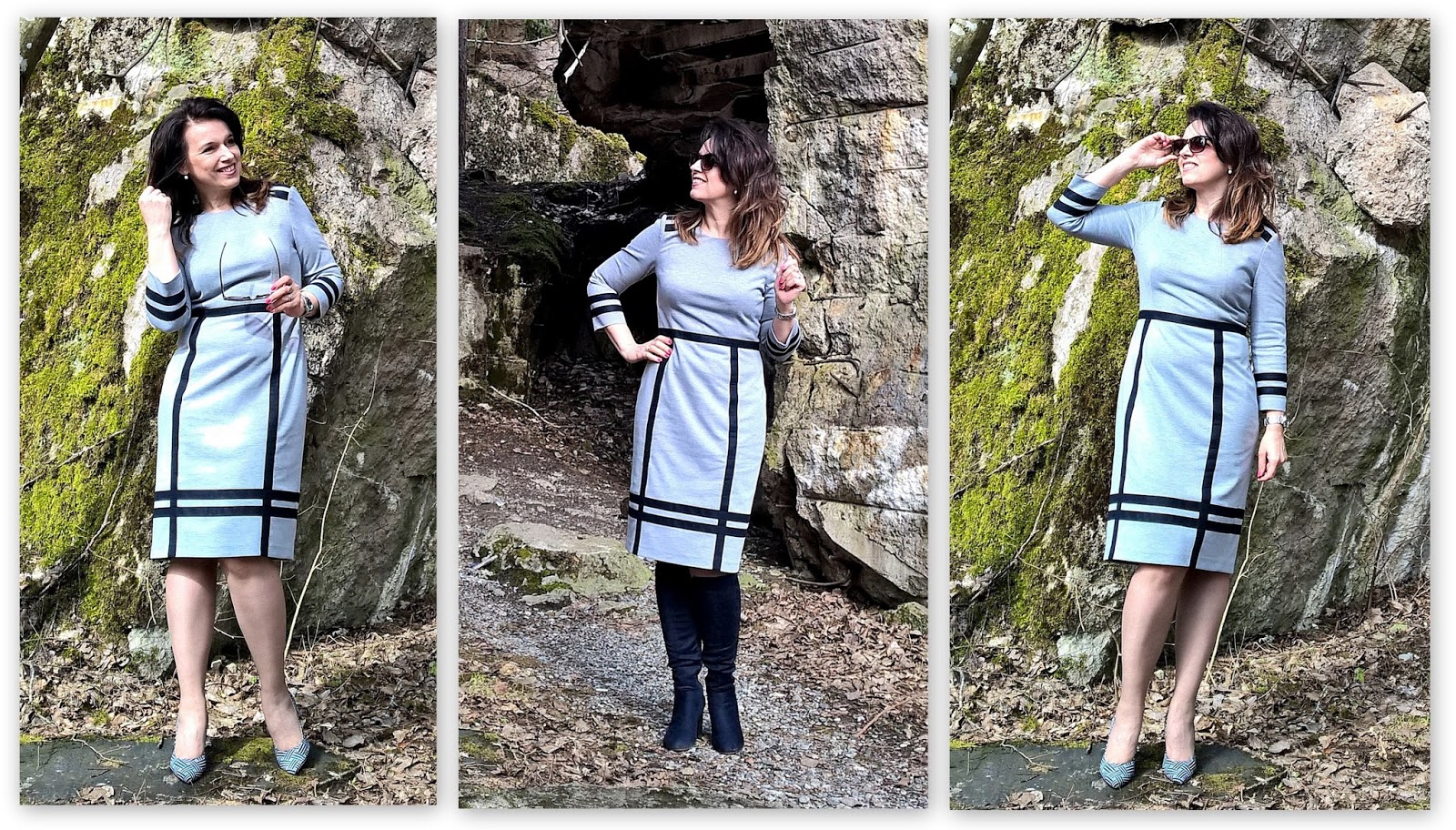 Naszyłam w kilku miejscach i efekt, jest zadowalający. Sukienka na pewno teraz wyróżnia się z tłumu innych szarych sukienek, i tylko przez naszycie prostej taśmy. Równie dobrze można zastosować tu inne taśmy: rypsowe świetnie się sprawdzają, czy też lamówka zaprasowana, ale tu polecam te nieco sztywniejsze, te miękkie będą się falować po jakimś czasie (wiem bo sprawdziłam).
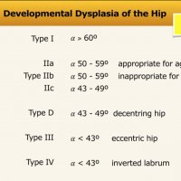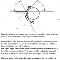 The alpha-angle, which is a measurement of the bony roof of the acetabulum, mainly determines the hip type. The normal value is greater than or equal to 60º. Note that up to the age of 3 months (13 weeks) an alpha angle below 60 degrees is acceptable.
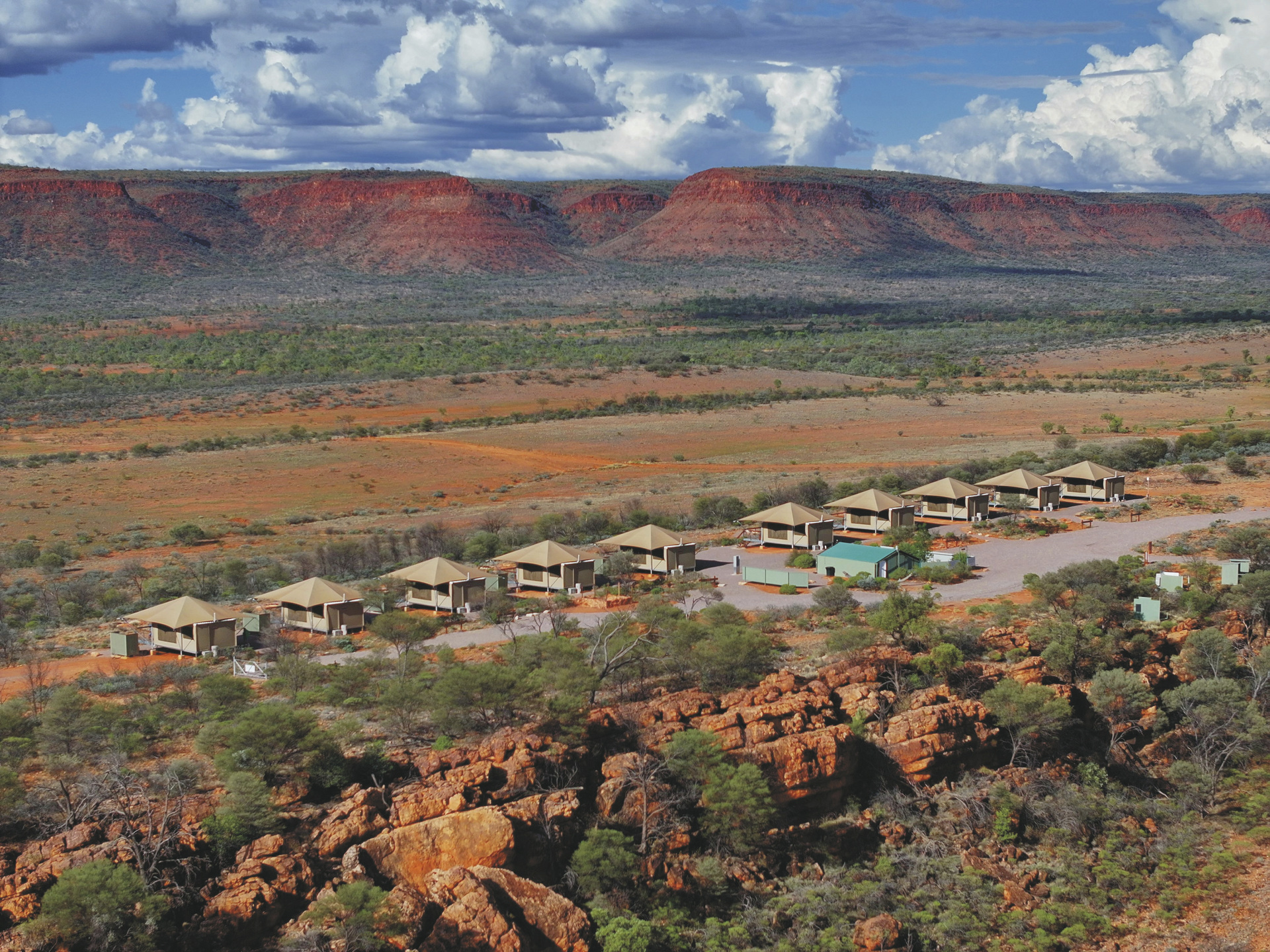Die Anlage bietet verschiedene Unterkunftsoptionen, darunter die höherwertigen Kategorien Drovers Dream und Dreamtime Escarpment. Drovers Dream umfasst 10 Bungalow-Zelte in ruhiger Lage mit Blick auf die umliegende Landschaft. Zur Ausstattung zählen u.a. eigenes Bad mit Dusche, Queensize-Bett, Klimaanlage sowie eine private Terrasse mit BBQ. Weiterhin gibt es eine gemeinsame Feuerstelle.
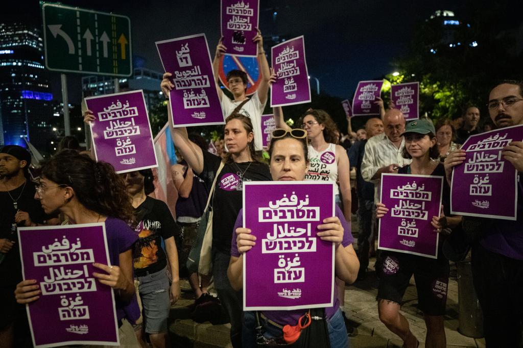 8月17日晚,人們在以色列中部城市特拉維夫的以色列國防部大樓附近參加游行示威活動(dòng),敦促以政府盡快與哈馬斯達(dá)成停火協(xié)議,讓所有被扣押人員獲釋。新華社記者陳君清攝
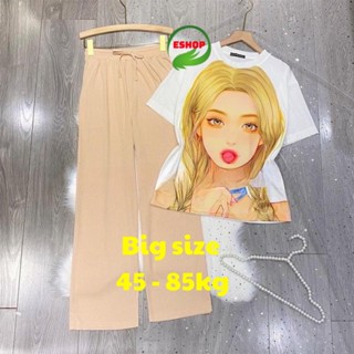Đồ bộ đồ mặc nhà nữ bigsize 45 -85kg Đồ bộ nữ cotton co giãn ESHOP DB11 thể thao Sét bộ thun nữ đẹp mùa hè quần dài
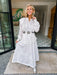 Sweep into charm and elegance with this dreamy white midi skirt set. The long-sleeve top delights with delicate ruffles and intricate lace-like patterns that move beautifully with every step. Perfect for brunch in sandals, western outings with boots, or a flirty date night with heels, she’s romance in motion.
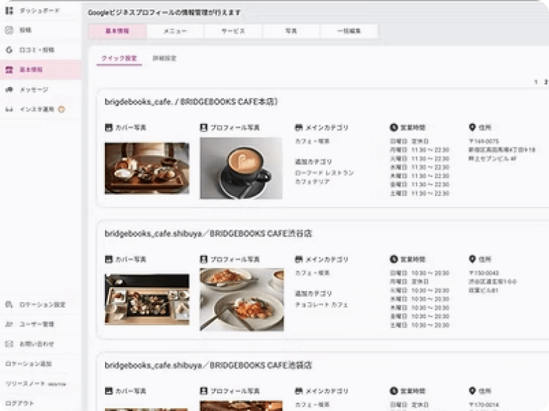 営業時間やメニュー情報を一括で編集・更新でき、わざわざGoogleアカウントにログインし各店舗情報を編集する手間がかかりません。
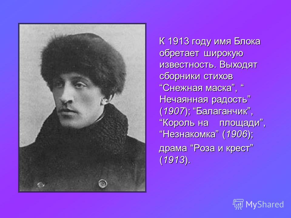 К 1913 году имя Блока обретает широкую известность. Выходят сборники стихов Снежная маска, Нечаянная радость (1907); Балаганчик, Король на площади, Незнакомка (1906); драма Роза и крест (1913). драма Роза и крест (1913).
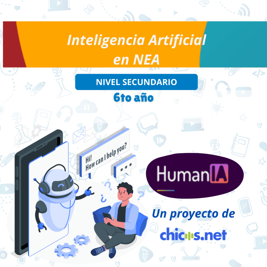 Es por eso que nos entusiasma contarles que estamos llevando adelante un abordaje integral incorporando la IA a los aprendizajes. Nos sumamos al Proyecto HumanIA en 6to de nivel secundario, propuesta de la plataforma chicos.net para el análisis y la incorporación de prácticas para pensar y aprender de la IA (Inteligencia artificial) en diferentes contextos. La iniciativa se organiza en torno a una serie de capítulos que nos proponen entender qué es la IA, comprender sus alcances y reconocer sus impactos en la vida presente y futura.
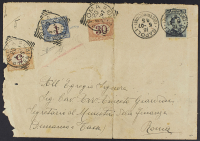 1890 - Definitiva 1 L. azzurro e carminio non dentellato con valori completamente su busta del 18 maggio 1907 da Napoli per Roma affrancata in partenza per 15 c. - Non comune - Da esaminare - Cert. Sorani - Firme E. Diena e A.D.
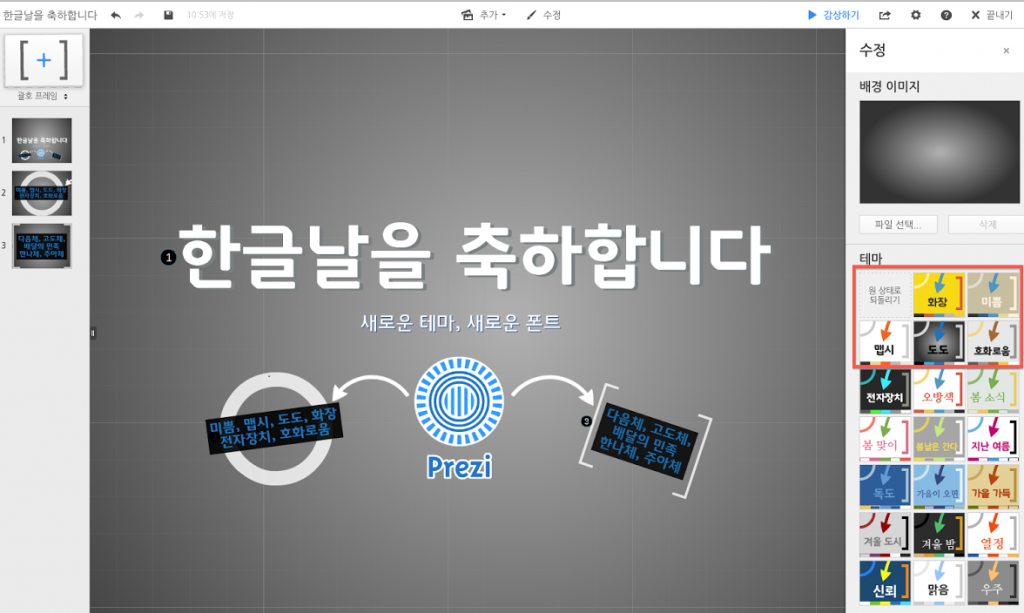 클라우드 기반의 차세대 프레젠테이션 소프트웨어 프레지(Prezi)가 신규 한글 테마와 폰트를 공개했다.
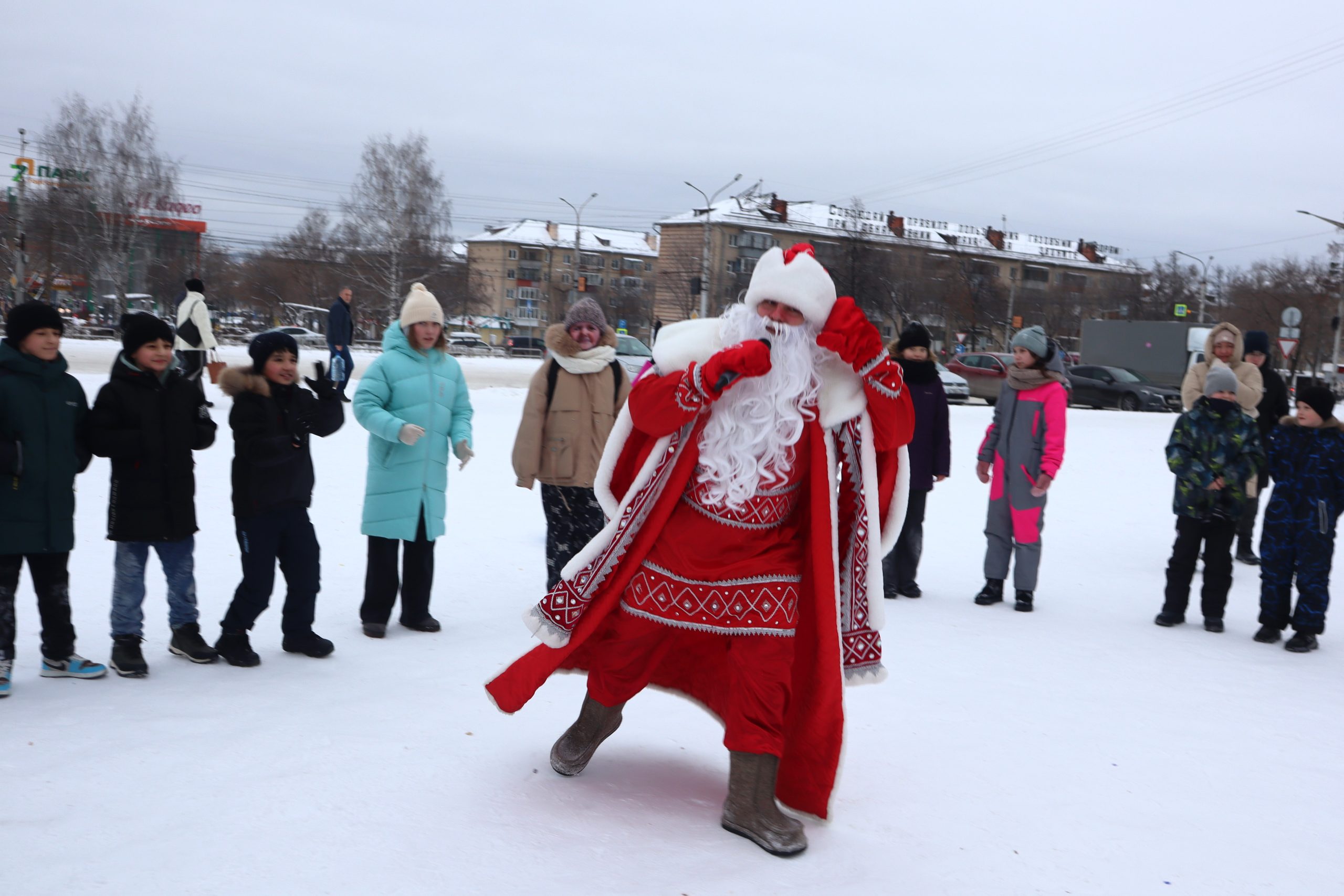 Каждый день здесь царит настроение праздника и веселья. Возле главной городской елки разворачивается праздничная игровая программа «Снежный переполох: Новый год в действии». Творческие коллективы учреждений культуры устраивают яркие театрализованные представления, увлекая юных зрителей в атмосферу сказки и приключений. Дети участвуют в традиционных новогодних играх, водят хороводы и получают массу незабываемых впечатлений от общения с любимыми персонажами.

Goal of the exercise: Range to copy from the records above: the line containing "8月17日晚,人們在以色列中" to the line containing "Đồ bộ đồ mặc", both included. Output those lines exactly and only those, skipping pictures.

Result of the exercise:
 8月17日晚,人們在以色列中部城市特拉維夫的以色列國防部大樓附近參加游行示威活動(dòng),敦促以政府盡快與哈馬斯達(dá)成停火協(xié)議,讓所有被扣押人員獲釋。新華社記者陳君清攝
Đồ bộ đồ mặc nhà nữ bigsize 45 -85kg Đồ bộ nữ cotton co giãn ESHOP DB11 thể thao Sét bộ thun nữ đẹp mùa hè quần dài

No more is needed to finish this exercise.